Appeal by the defendant from a judgment of the County Court, Suffolk County (Tisch, J.), rendered January 25, 1995, convicting him of murder in the second degree, robbery in the first degree (two counts) and unauthorized use of a motor vehicle, upon a jury verdict, and imposing sentence. The appeal brings up for review the denial, after a hearing, of that branch of the defendant's omnibus motion which was to suppress his written and videotaped statements made to law enforcement authorities.
Before: Sullivan, J. P., Santucci, Friedmann and McGinity, JJ.
Ordered that the judgment is affirmed.
Contrary to the defendant's contention, the hearing court correctly determined that his several written and videotaped statements to law enforcement authorities were not tainted by an arrest effected without probable cause ( see, People v Rosario, 78 NY2d 583, cert denied 502 US 1109; People v Hill, 212 AD2d 632; People v Mitchell, 170 AD2d 542; People v Green, 157 AD2d 745; CPL 2.10; 140.25 [1] [b]), nor were they involuntarily made ( see, People v Huntley, 15 NY2d 72; People v Springer, 221 AD2d 386; People v Hill, supra).

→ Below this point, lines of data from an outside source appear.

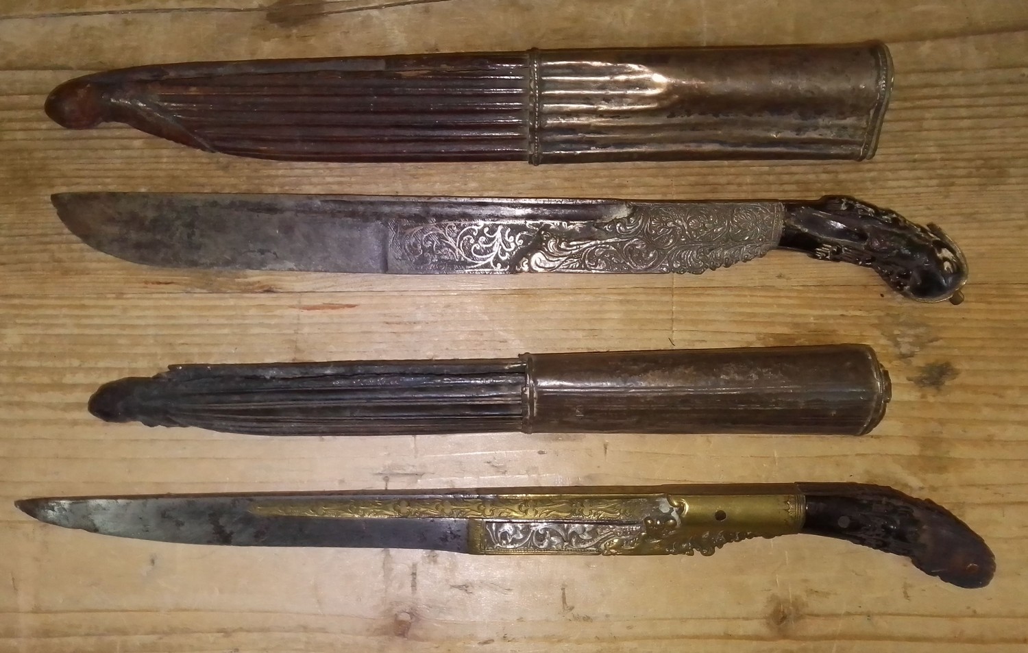 Two 19th century Chinese trousse knives with scabbards.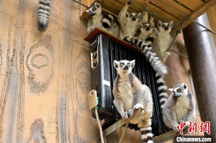 Ring-tailed lemurs sit around an electric oil heater. (Photo/Yu Jing)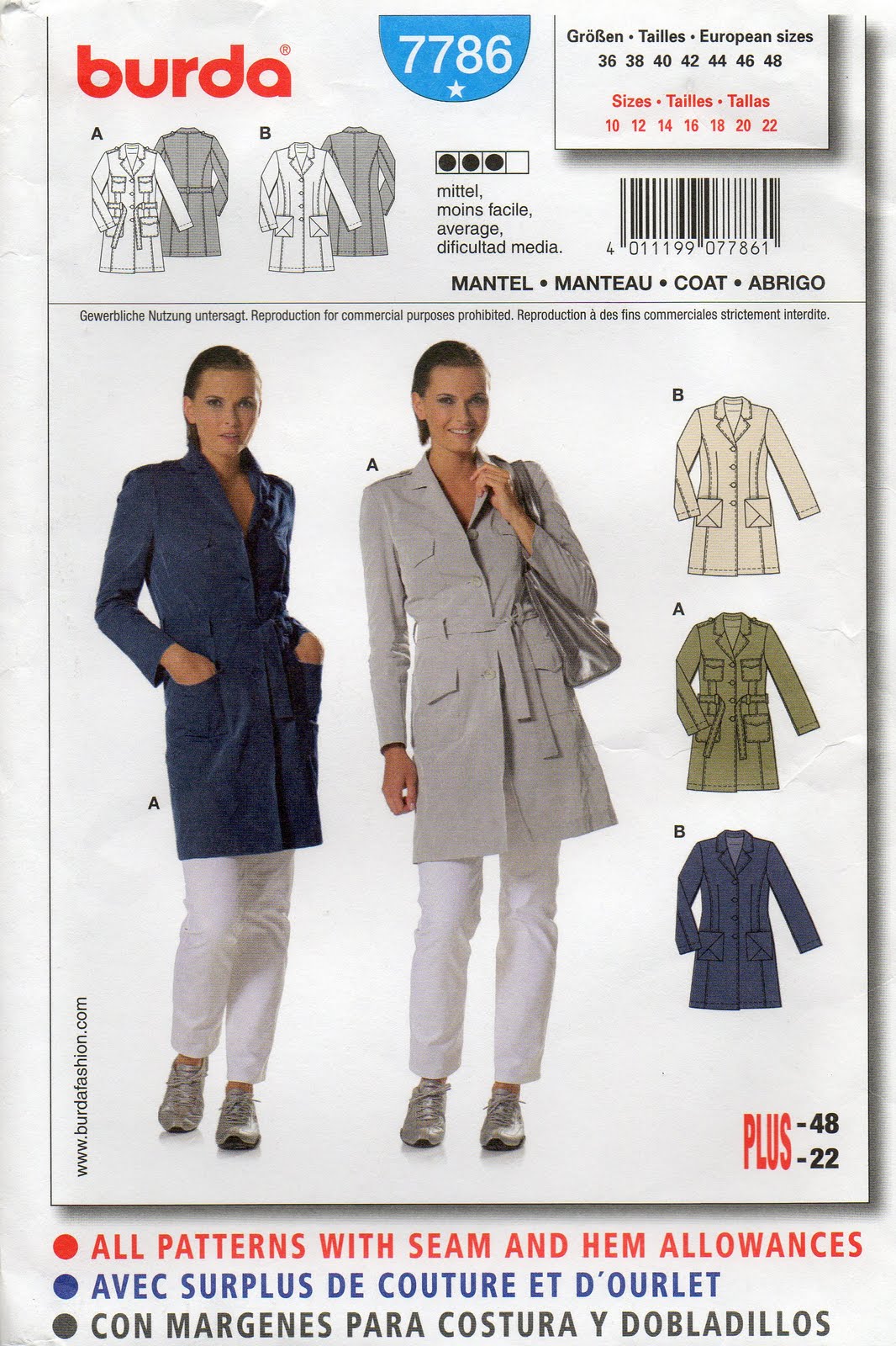 Trench coat; Burda 7786 modified to be double breasted, beige cotton, plaid cotton lining, details here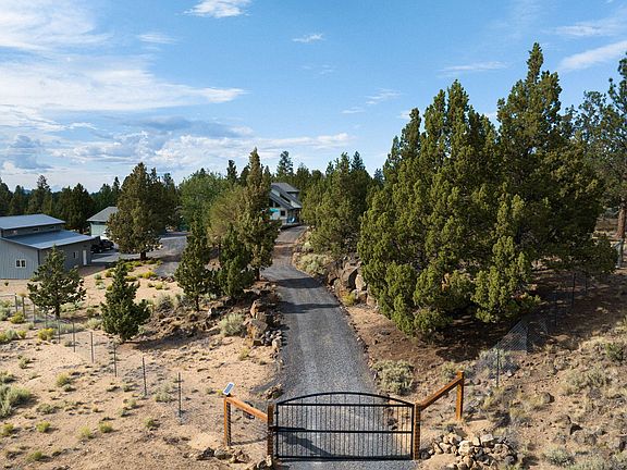 Located in the Sundance community, this 3.29 acre property offers privacy, functionality, and sweeping Cascade mountain views. The 3 bedroom, 2.5 bath home captures impressive vistas from the main living area and primary bedroom. Outside, two separate shops provide versatility: Shop One is 1,280sf, and Shop Two is 1,344sf - ideal for projects, storage, or recreational equipment. The property could easily be modified to accommodate horses. Multiple full RV hookup sites are in place, making this an excellent setup for RVs, guests, or extra storage needs. The fully fenced lot includes an electric gate with remote access. A hillside hot tub offers a quiet retreat with its own view, while community access to adjacent BLM land makes exploring the outdoors easy. With space for hobbies, toys, and outdoor living, this property blends acreage, views, and shop space in a convenient location near Bend.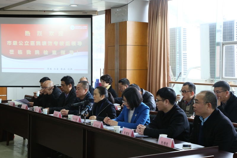 1月13日上午,以市卫计委副主任吴尚斌为领队,医政医管处处长郑云蒸、医管中心副主任潘平为组长的考核组对我院进行2016年度市级公立医院绩效考核。市发改委、市财政局、市人社局、医政医管处、规财处、人事处、中医处、办公室、疾控处、机关党委、监察室、信息中心、医管中心的领导一行二十余人莅临我院进行考核工作。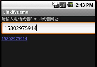 本节要讲的是,当我们在一个EditText输入电话或者网址还是Email的时候,让Android自动判断,当我们输入的是电话,我们点击输入内容将调用打电话程序,当我们输入是网址点击将打开浏览器程序.而Linkify很好的解决了这个问题.我们将分四步来完成这个Demo.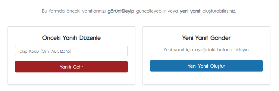Kullanıcıya şu mesaj iletilir: “Yanıtınız başarıyla kaydedilmiştir! Teşekkür ederiz. Yanıtınızı düzenlemek için takip kodu: ‘…….’ Lütfen bu kodu saklayınız.”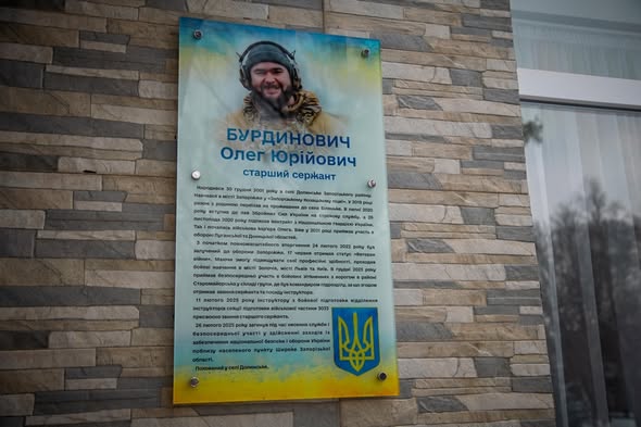 На фасаді запорізького ліцею з’явився меморіальний знак на честь його випускника – старшого сержанта Олега Юрійовича Бурдиновича з 23-ї окремої бригади «Хортиця» НГУ. Про це повідомили представники бригади на своїй сторінці у соціальній мережі.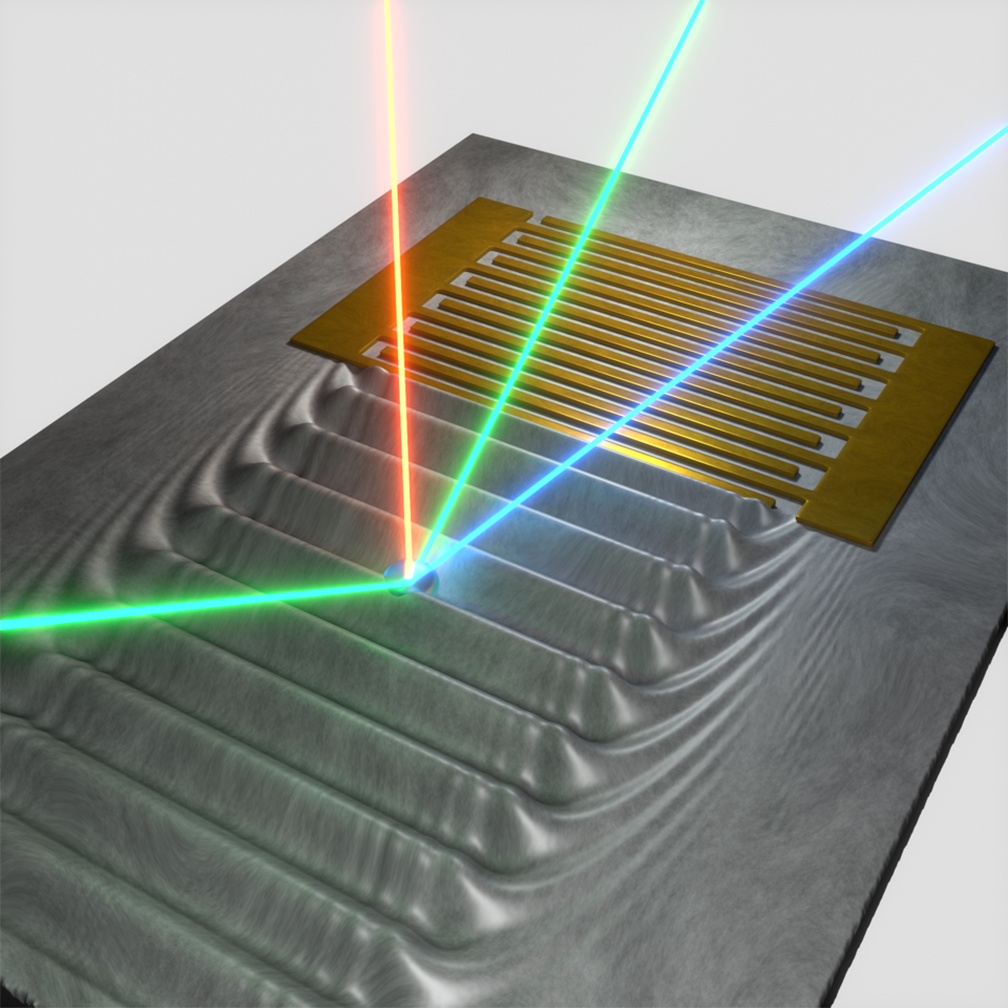 They combine dissimilar quantum systems to exploit their unique strengths while at the same time overcoming their individual shortcomings. ’In this field, vibrations of the crystal lattice are especially promising,’ explains Professor Hubert Krenner, who leads the study at the University of Augsburg. He adds: ’Phonons, as we physicist call these vibrations, stretch and compress literally any object that is embedded in the crystal and this way alter its physical properties.’ In their study the researchers employ nanometer-scale surface acoustic waves, SAWs, to induce vibrations of a single artificial atom, a so-called quantum dot, and thereby change the color of the emitted light. Dr Daniel Wigger, who investigates the coupling between quantum dots and phonons at the University of Münster and at Wrocław University of Science and Technology is excited: ’In our simulations we were able to almost perfectly reproduce the spectra measured in Augsburg by including the nanoscale sound waves like a phonon laser into our model.’ The reported research results are a milestone for the development of hybrid quantum technologies because the quantum dot emits single light quanta, so-called photons, that are precisely clocked by the sound wave. Dr Matthias Weiß, who completed his PhD at the Physics Institute in Augsburg last summer, adds: ’It is fascinating that the spectral lines of the quantum dots fabricated in Munich are so extremely sharp. This allowed us to observe how the spectral line was shifted by the tiny amount of energy of a single phonon.’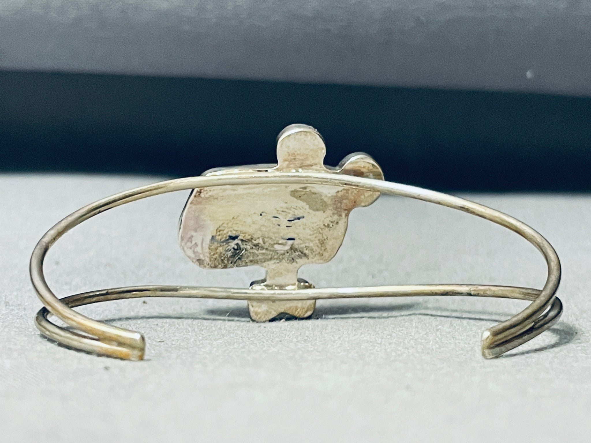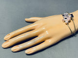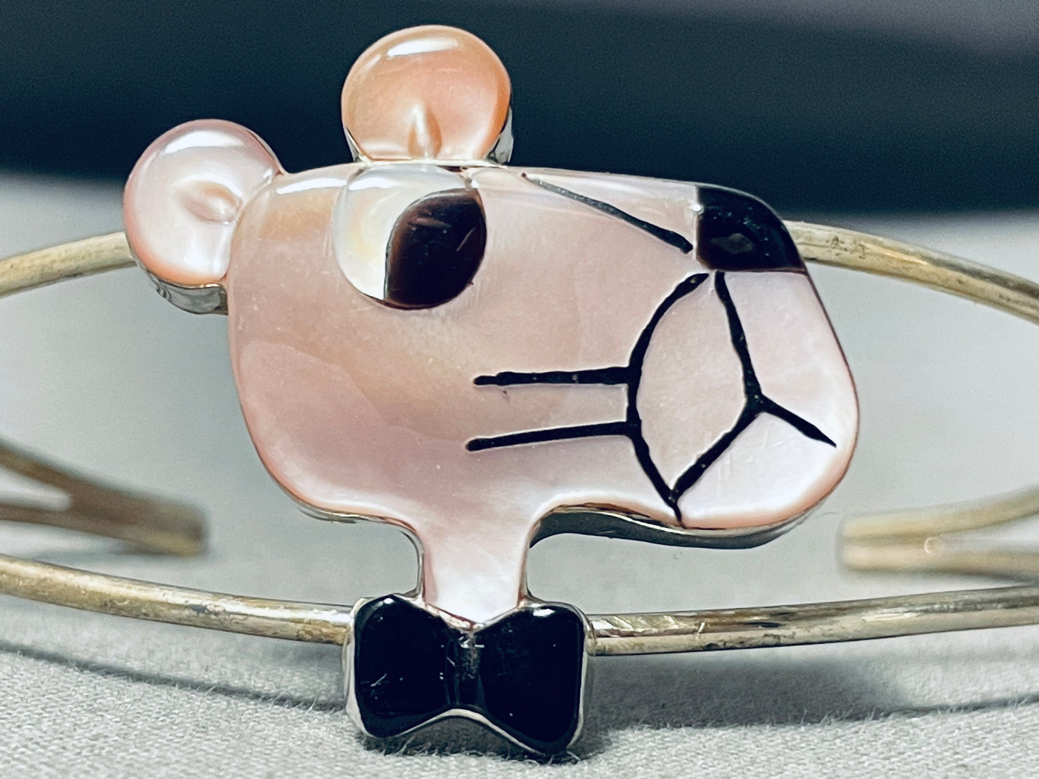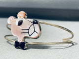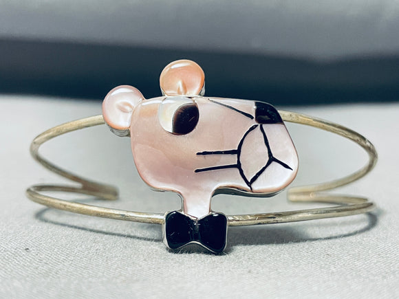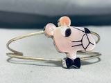 Detailed Pink Panther Vintage Native American Zuni Pink Shell Sterling Silver Inlay Bracelet

Therefore, the statements were properly received into evidence at trial.
Similarly without merit is the defendant's claim that the County Court of Suffolk County lacked the geographical jurisdiction to hear those counts of the indictment involving a robbery and the defendant's unauthorized use of a vehicle in Nassau County. The defendant's theft of the vehicle in Nassau for the purpose of committing a robbery in Suffolk was clearly calculated to have a "particular effect" on the latter county (CPL 20.10; 20.40 [2] [c]; Matter of Steingut v Gold, 42 NY2d 311). Furthermore, the larceny of the car in Nassau continued into Suffolk and "it has long been held that one who steals property in one county and transports it into another can be prosecuted in either county" ( People v Danielson, 184 AD2d 723, 724).
The defendant's remaining contentions are without merit.